● SUPPLIED MATERIAL:
::::

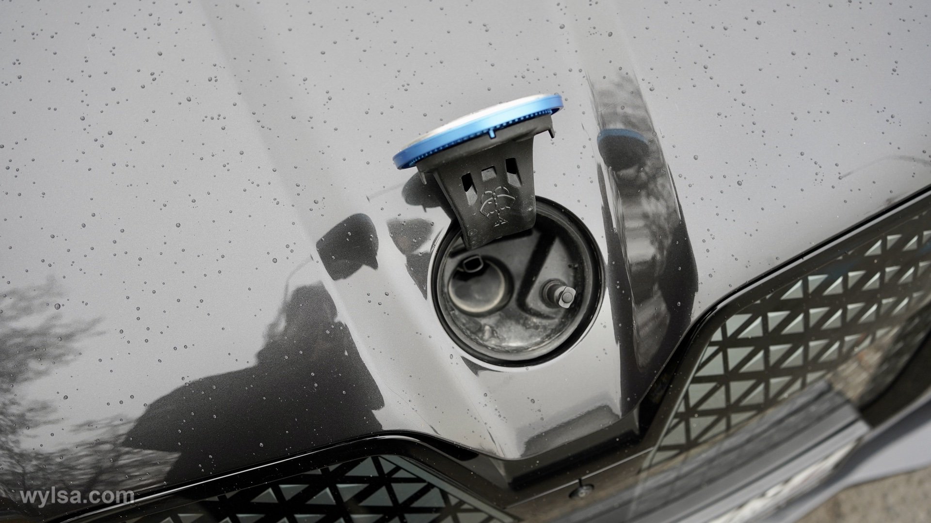 Теперь немного про экстерьер. Про омыватели камер я сказал, но тут есть ещё парочка-троечка интересных моментов. Например, здесь самый удобный лючок для омывайки, вам не надо открывать капот (его вообще не надо открывать, там нет ничего для вас интересного), просто нажимаешь на эмблему, она поднимается, туда льёшь жижу. Эта самая омывайка льётся прям из щёток, и они здесь особые, использовать нужно только оригинал. Мне, кстати, уже пора менять, и это будет стоить в районе десяти тысяч рублей.
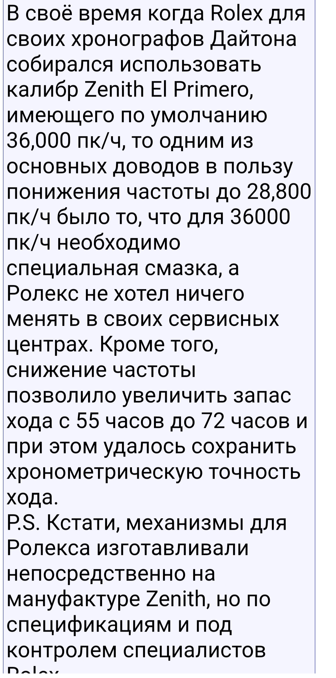 Вообще раньше предполагалось, что частота будет постоянно повышаться с развитием часов, но наткнулись на технологические проблемы, необходимость специальных смазок и т.д.
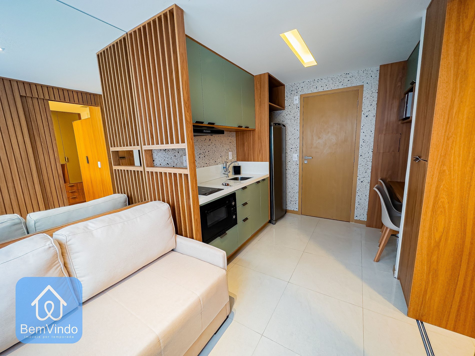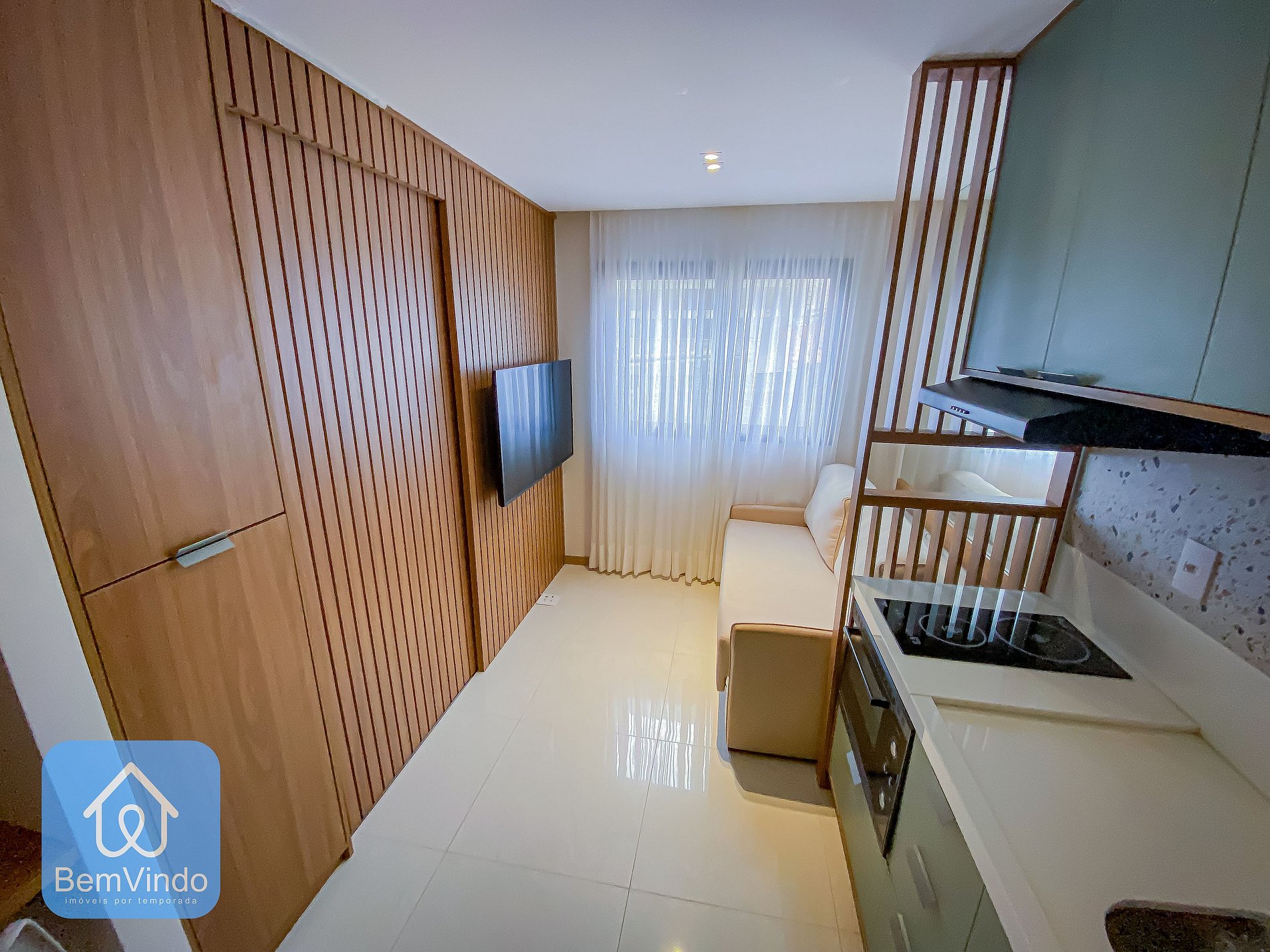 A sala é decorada com móveis planejados para oferecer o maior conforto possível, além de um sofá para relaxar o apartamento conta com uma cama nova e confortável e um ar condicionado para resfriar o calor Baiano;

::::

● WHAT THE EXERCISE ASKS: Please output the entire listing above verbatim and omit its images.

● RESPONSE TO THE TASK:
 Теперь немного про экстерьер. Про омыватели камер я сказал, но тут есть ещё парочка-троечка интересных моментов. Например, здесь самый удобный лючок для омывайки, вам не надо открывать капот (его вообще не надо открывать, там нет ничего для вас интересного), просто нажимаешь на эмблему, она поднимается, туда льёшь жижу. Эта самая омывайка льётся прям из щёток, и они здесь особые, использовать нужно только оригинал. Мне, кстати, уже пора менять, и это будет стоить в районе десяти тысяч рублей.
 Вообще раньше предполагалось, что частота будет постоянно повышаться с развитием часов, но наткнулись на технологические проблемы, необходимость специальных смазок и т.д.
 A sala é decorada com móveis planejados para oferecer o maior conforto possível, além de um sofá para relaxar o apartamento conta com uma cama nova e confortável e um ar condicionado para resfriar o calor Baiano;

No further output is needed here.